マナビ県における博物館免震機材整備計画供与式典開催:地震多発国エクアドルにおける文化財の損害予防を支援

2024.04.26

4月16日、エクアドル共和国(以下「エクアドル」)マナビ県マンタ市において、一般文化無償「マナビ県における博物館免震機材整備計画」によって整備された免震構造の展示機材の供与式が開催されました。

供与式の様子(左から三浦JICAエクアドル事務所長、森下在エクアドル特命全権大使、ノボア大統領、ムーニョス文化遺産大臣、ウレタ・シウダード・アルファロ原子力博物館長)

マンタ国立博物館・文化センターで展示品の解説を受けるノボア大統領(右奥)

エクアドル・日本両国の政府・事業関係者が参加した式典には、エクアドル側からはノボア大統領、ムーニョス文化遺産大臣、バルディビエソ・マンタ市長ら、日本側からは、森下在エクアドル特命全権大使、三浦JICAエクアドル事務所長らが出席しました。

エクアドルには古いアンデスの歴史を伝える多様かつ貴重な文化遺産が多く存在しており、同国政府は近年、これら遺跡の文化保存の重要性を再認識し、文化財保存・理解促進を推進しています。
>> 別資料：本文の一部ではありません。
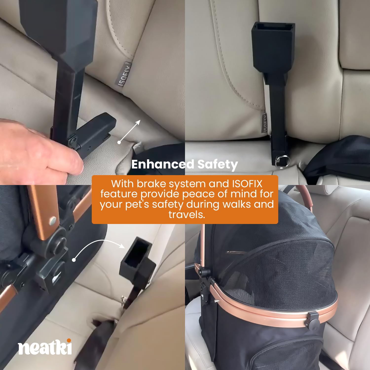 - Enhanced Safety โ Equipped with a reliable brake system, this stroller keeps your pet secure and gives you peace of mind during walks and outings. Now featuring ISOFIX for easy vehicle installation, ensuring a safer, stress-free travels with your furry friend.

一方、エクアドルは環太平洋地震帯に位置する地震多発国でもあり、2016年4月にマンタ沖で起きたマグニチュード7.8の地震では、マナビ県の国立博物館2か所を含む広範囲の地域が甚大な被害を受けました。同国における文化財被害の対応と予防についての知見は限られており、貴重な文化財の損害予防が課題となっています。

一般文化無償「マナビ県における博物館免震機材整備計画」は、2016年の地震にて甚大な被害を受けたマナビ県のマンタ国立博物館・文化センター(マナビ県マンタ市)及びオハス・ハボンシーリョ考古学博物館(同県ポルトビエホ市)において、文化財の展示及び保存にかかる免震機材を整備するものです。本事業は、日本の防災技術を活用して免震構造をもつ展示ケースと移動棚を整備することにより、市民にとってより安全な文化施設の提供を可能にするもので、災害からのより良い復旧(Build back better)と文化財の災害脆弱性の改善が期待されます。

式典参列者が視察を行ったオハス・ハボンシーリョ考古学博物館

式典参列者が視察を行ったオハス・ハボンシーリョ考古学博物館

オハス・ハボンシーリョ考古学博物館での視察

オハス・ハボンシーリョ考古学博物館での視察

式典においてノボア大統領は、エクアドル初の免震構造の展示機材が設置されたことは同国にとって重要なマイルストーンとなり、文化財の保護だけでなく、将来の世代による歴史理解の促進に貢献するものとして期待を述べました。また、実現を支援した日本政府に対し感謝の言葉が寄せられました。

日本は「環境保全・防災」を当国への援助方針の重点分野の1つとしており、JICAでは、本事業のほか「災害に強い街づくり強化・普及」や「土砂災害リスク減少能力向上プロジェクト」等の技術協力も並行して行っており、今後も当国の防災分野への協力を推進していきます。